Dunia mengajarkan kita hanya sebatas untuk mengasihi diri sendiri, dan tanpa sadar hal ini sering membuat kita egois. Fokus ke “aku” terlalu diagung-agungkan sehingga bila si “aku” terusik, respons salah yang timbul adalah mengasihani diri, bahkan tak jarang menyalahkan Tuhan. Ketidakpercayaan kita kepada Tuhan ditunjukkan dengan rasa tak puas akan hal-hal yang telah Tuhan berikan, bahkan kita tidak mau Tuhan hadir di dekat kita karena kita tak rela si “aku” terusik kenyamanannya.

 

Tahun ini, segala sesuatunya berbeda dengan tahun-tahun sebelumnya, dan semuanya serba terbatas.
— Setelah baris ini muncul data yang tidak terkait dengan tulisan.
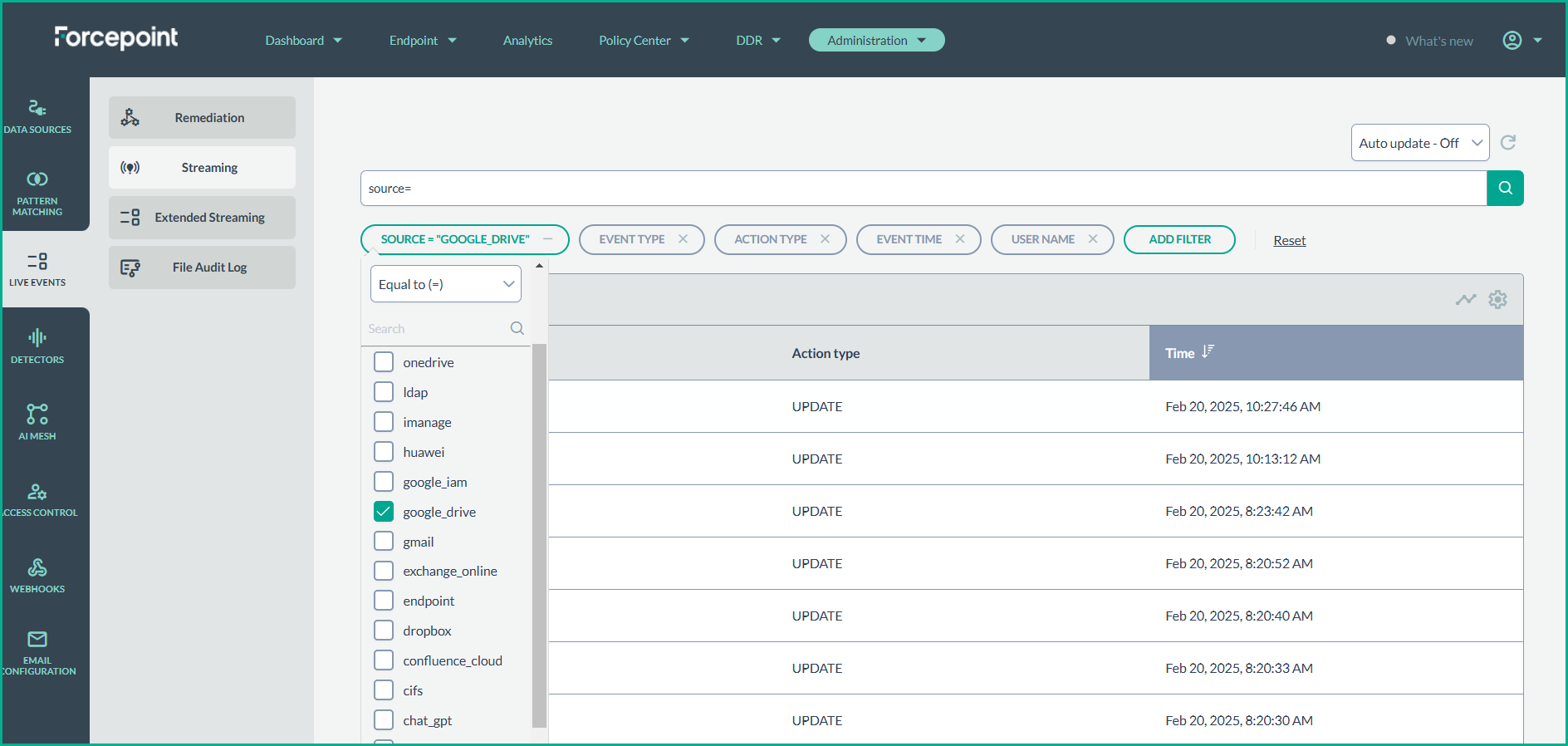 This section provides steps on how to enable real-time data streaming for a Google drive connection and monitor streaming events within the Forcepoint DSPM platform.

Mendengar seseorang mengalami kemajuan dalam hidupnya atau berbagai macam mukjizat terjadi di tengah situasi ini bisa saja membuat kita jatuh dalam respons yang salah, apalagi jika apa yang kita inginkan atau doakan belum terwujud. Kita pun jadi menganggap bahwa Tuhan tak sayang dan peduli kepada kita.

 

Keselamatan dan karya penebusan yang Yesus lakukan untuk kita dapat mengenal pribadi-Nya tak cukup jika hanya berhenti sampai di diri kita. Dengan menolak dan menunda untuk terus mengerjakan keselamatan-Nya, hanya berfokus ke diri sendiri, kita menjadi hamba ketiga yang mengubur satu-satunya talentanya di tanah itu, atau seorang Jimie yang selalu beralasan untuk mengasihani diri.

Padahal…

Bukankah semua yang kita miliki saat ini adalah kepercayaan dari Tuhan untuk kita usahakan?
Bukankah segala kemampuan, bahkan kesempatan, untuk menjalani setiap hobi kita adalah karunia-Nya yang diberikan untuk kita?
Bukankah Natal tak hanya bicara tentang kelahiran-Nya, tetapi kasih-Nya yang tanpa syarat untuk datang ke dunia dan menebus kita?
Bukankah Dia datang bukan hanya untuk kita ketahui nama-Nya, tetapi untuk memimpin dan menuntun hidup kita di dalam rencana-Nya yang sempurna?

 

Yesus memercayakan hidup-Nya untuk kita, dan bagian kita adalah tak hanya menerima-Nya tetapi justru mengusahakan untuk mengerjakan keselamatan-Nya. Kerajaan-Nya datang bukan hanya sebatas untuk aku, Joon, Jimie, atau kita, tetapi juga melalui kenyataan hidup kita yang menjadi kesaksian nyata agar orang-orang lain juga mengenal-Nya.

 

Hari ini, di penghujung tahun yang berbeda ini, belum terlambat untuk segera menggali kembali talenta yang terkubur di tanah dan mengusahakannya sampai Sang Raja itu datang menanyakannya dan mendapati kita telah setia.